Ear to the Ground

February 24 2023

Whilst the result was already known, the market keenly awaited the publishing of the minutes of the last US Federal Reserve meeting.  These revealed that the majority of the policy setting committee members had voted in favour of a 0.25% hike.  There were a few dissenters, however, who had voted in favour of a 0.5% increase.  Where there was agreement, however, was that all participants continued to anticipate that ongoing increases would be appropriate until the economic data gave enough confidence that inflation was on a sustained downward path to the 2% target.  They also acknowledged that this was likely to take some time.  This suggests that monetary policy is likely to remain restrictive, with the central bank recognising that there is typically a lag between interest rate movements and the impact on the economy

It won’t have gone unnoticed, however, that later in the week we had the release of the January PCE Price Index, which is the Federal Reserves preferred inflation gauge.  This posted a rise of 5.4% year on year, rising from an upwardly revised 5.3% recorded in December.  Not only was this figure higher than the previous month, but it was also considerably above the forecast figure of 4.8%.  Prices of goods rose 4.7%, but it was services where the larger appreciation was seen, at 5.7% against the previous month figure of 5.4%.

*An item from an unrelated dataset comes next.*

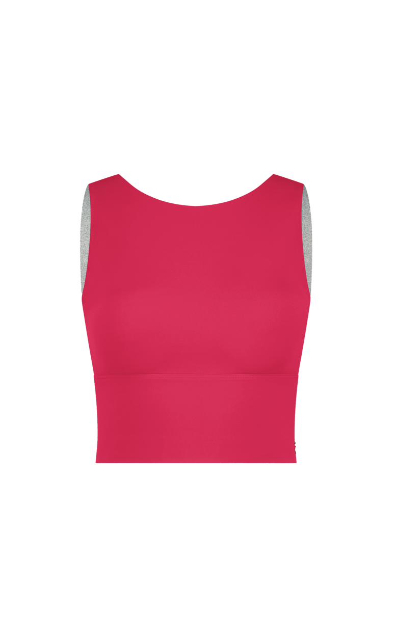 The Cross Crop Top is one of our bestsellers. This yoga top offers a lot of support and has a nice high neckline so you don't have a view when bending over. The wide shoulder straps and soft band on the ribs feel comfortable. With the removable pads.

Core PCE meanwhile, which excludes the more volatile food and energy items, rose by 4.7% year on year, higher than the 4.6% figure for December and 4.3% forecast.  Inflation in the US therefore appears to be being a little more stubborn than some had previously thought.

US 10 year Treasury yields were a little higher on the week, at 3.95% on the 24th against 3.82% on the 17th.  The move upwards in 2 year Treasury yields was a little more pronounced, rising from 4.62% to 4.81% covering the same two dates.

This is not the only jurisdiction where we have seen this however, with it being evident in Canada, Australia and the Eurozone.  In the latter we have also seen comments from rate setting committee members that they might not be done with hiking just yet, suggesting that some see risk that the markets are underestimating inflation.

Market expectations have seen a complete turnaround from where they were at the start of February.  Here it was expected that interest rates would get nowhere near what the Federal Reserve expected and from this lower peak rate cuts would be seen.  Now, they believe that they will peak at a higher level than the last Dot-Plot median produced by the central bank and even after a forecast rate cut by year end would still keep us above the central bank median expectation.  How quickly times can change, perhaps showing how data dependent markets remain given it has been quite a while since we have seen this sort of inflationary environment.

Finally, just finishing on China, where the reopening appears to be well underway.  Whilst it may take a while to see it come through in economic data, as most tends to be lagging, it is clear to see that people are on the move again.  Subway usage across the four major cities of Beijing, Shanghai, Guangzhou and Chongqing has risen sharply so far in 2023.  With social mobility back, this should prove a positive for consumer spending on goods and particularly services.